Coast Guard beach in Eastham has been on this prestigious list every year since it began, and this year it moved up from 8th to 7th place.
Here's the listing:
"#7: Coast Guard Beach Cape Cod, Massachusetts. Coast Guard Beach, accessible by bicycle or via shuttle bus from the Salt Pond Visitor’s Center, was formed where a sand spit attached to the glacial cliffs. The sand is fairly coarse, so the beach slopes steeply into the water.
The picturesque old Coast Guard station still sits atop the glacial bluffs, allowing for a spectacular view down upon the Nauset Spit barrier system and bay. During the summer, beach-goers take quick, refreshing dips in the ocean as water temperatures only reach 60-70 degrees."
Three years ago USA Today rated it as #6, and TripAdvisor rates it excellent or very good in 201 of its 214 reviews.
Two years ago USA Today rated it as #6, and TripAdvisor rates it excellent or very good in 139 of its 147 reviews.
As Dr. Beach expands on this beach
"Beaches surround Cape Cod; there are no hard-rock headlands as encountered elsewhere in New England. The best beaches are found in Cape Cod National Seashore, the 30-mile length of shoreline along the Outer Cape from Chatham to Provincetown. The gateway to the National Seashore is the Salt Pond Visitor's Center in Eastham, where educational materials and videos will enlighten and inform visitors. Close by is the best beach in the area and a top 20 beach nationally: Coast Guard Beach in Eastham.
Coast Guard Beach is reached by bicycle or via shuttle bus from the Salt Pond Visitor's Center ever since the New England Blizzard of 1978 destroyed the parking lot and facilities that were previously built on the low-lying sand spit. The picturesque old Coast Guard station still sits atop the glacial bluffs, where you can gaze down upon the Nauset Spit barrier system and bay that the French explorer Champlain so beautifully sketched in 1605.
Lobsters were so numerous at that time that they could be caught by hand in these shallow tidal creeks at low tide. The delicacy that we cherish was often fed to slaves and indentured servants as a source of cheap meat in Colonial times. So prevalent was this practice that a law had to be passed to prevent the serving of lobsters more than twice a week.

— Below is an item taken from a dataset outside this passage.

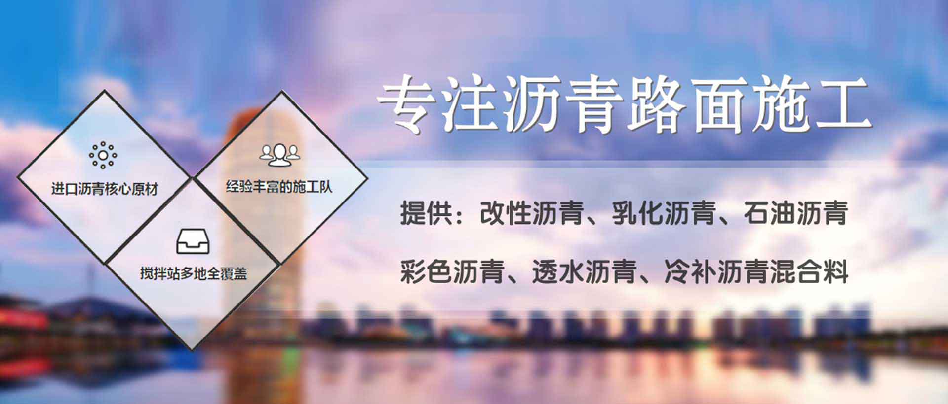 【業(yè)務(wù)范圍】:瀝青路面工程、瀝青道路養(yǎng)護(hù)維修、彩色瀝青道路、TA防滑路面、運(yùn)動(dòng)場(chǎng)地的瀝青混凝土路面及商品混凝土面的設(shè)計(jì)與鋪裝。

At Coast Guard Beach you can see where the sand spit attaches to the eroding glacial cliffs that extend northward to Truro. As these cliffs continue to erode, artifacts are discovered; Native Americans also cherished this spot of land. The sand is fairly coarse, and thus the beach slopes steeply into the water. This makes for difficult walking, except at the waterline where the sand is water-saturated and compacted."
About Dr. Beach:
Dr. Stephen P. Leatherman is Professor and Director of the Laboratory for Coastal Research at Florida International University. He received his Ph.D. in Environmental (Coastal) Sciences from the University of Virginia, and completed his undergraduate degree in Geosciences at North Carolina State University.
Prior to joining FIU, Stephen was Professor and Director of the Laboratory for Coastal Research at the University of Maryland; Director of the National Park Research Unit at the University of Massachusetts, Amherst; and Assistant Professor in the Department of Geology at Boston University.
Stephen has authored or edited 16 books, including Sea Level Rise: Causes and Consequences; Barrier Island Handbook; Overwash Processes; Cape Cod: From Glaciers to Beaches; and America's Best Beaches.
The Cape Cod National Seashore Park describes it as the Great Beach, named by Henry David Thoreau in his book about walking the cape. "This sandy strand offers opportunities to study coastal beach processes, including longshore transport of sand and coastal erosion.
"Nauset Marsh is located behind the former Coast Guard Station. It is accessible by a pathway that leads to the bicycle trail bridge. Here, one can see shorebirds working the tidal flats in the warmer months and observe salt marsh grass systems close up..."
Thoreau said about this beach, "The waves broke on the bars at some distance from the shore, and curving green or yellow as if over so many unseen dams, ten or twelve feet high, like a thousand waterfalls, rolled in foam to the sand. There was nothing but that savage ocean between us and Europe."